» **Exercise instructions**
Make an exact copy, from the records below, of the lines from the line containing "US size 4/Small" to the line containing "タイダイ染め ロングワンピース Hippies", both lines included, excluding pictures.
── Exercise material ──
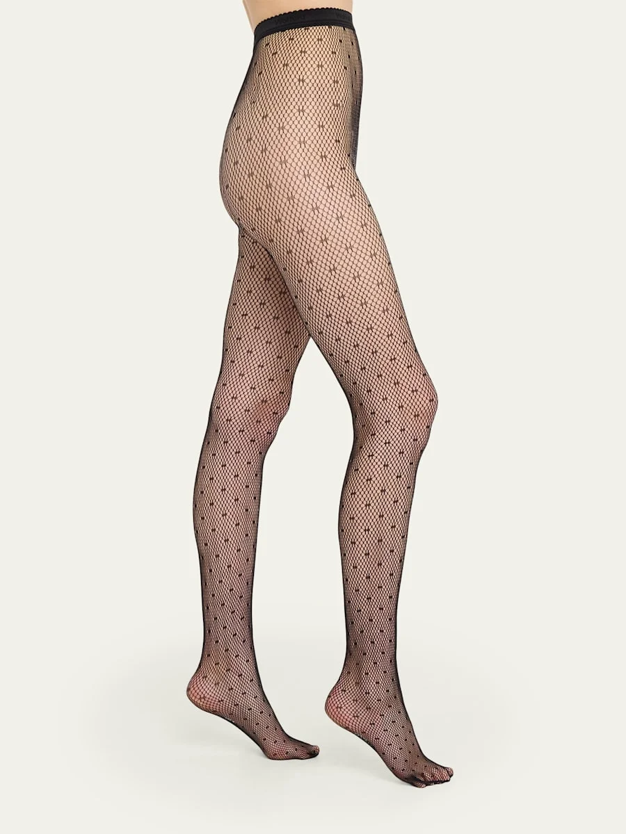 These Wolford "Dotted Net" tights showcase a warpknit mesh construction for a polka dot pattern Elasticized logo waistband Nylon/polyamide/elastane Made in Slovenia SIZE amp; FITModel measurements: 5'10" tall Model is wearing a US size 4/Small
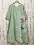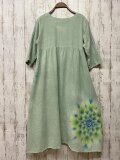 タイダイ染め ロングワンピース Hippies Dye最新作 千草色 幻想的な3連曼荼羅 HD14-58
───
── Exercise material ──
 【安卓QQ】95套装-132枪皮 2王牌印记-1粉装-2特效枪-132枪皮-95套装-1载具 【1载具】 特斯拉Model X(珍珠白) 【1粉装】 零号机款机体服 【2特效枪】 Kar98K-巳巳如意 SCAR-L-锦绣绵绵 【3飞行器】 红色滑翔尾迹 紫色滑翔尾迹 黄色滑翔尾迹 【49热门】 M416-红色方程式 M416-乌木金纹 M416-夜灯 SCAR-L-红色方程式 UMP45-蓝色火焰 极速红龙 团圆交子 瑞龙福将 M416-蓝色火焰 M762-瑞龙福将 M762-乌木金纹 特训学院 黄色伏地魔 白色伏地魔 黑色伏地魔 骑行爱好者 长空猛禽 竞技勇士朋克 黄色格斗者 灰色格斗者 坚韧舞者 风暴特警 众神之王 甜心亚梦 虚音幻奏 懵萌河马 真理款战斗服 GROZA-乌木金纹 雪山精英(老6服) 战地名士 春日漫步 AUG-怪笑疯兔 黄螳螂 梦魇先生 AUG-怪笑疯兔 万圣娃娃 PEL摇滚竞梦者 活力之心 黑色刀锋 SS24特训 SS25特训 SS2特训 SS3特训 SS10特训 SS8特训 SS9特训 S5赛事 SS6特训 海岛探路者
───
» **Result**
 These Wolford "Dotted Net" tights showcase a warpknit mesh construction for a polka dot pattern Elasticized logo waistband Nylon/polyamide/elastane Made in Slovenia SIZE amp; FITModel measurements: 5'10" tall Model is wearing a US size 4/Small
 タイダイ染め ロングワンピース Hippies Dye最新作 千草色 幻想的な3連曼荼羅 HD14-58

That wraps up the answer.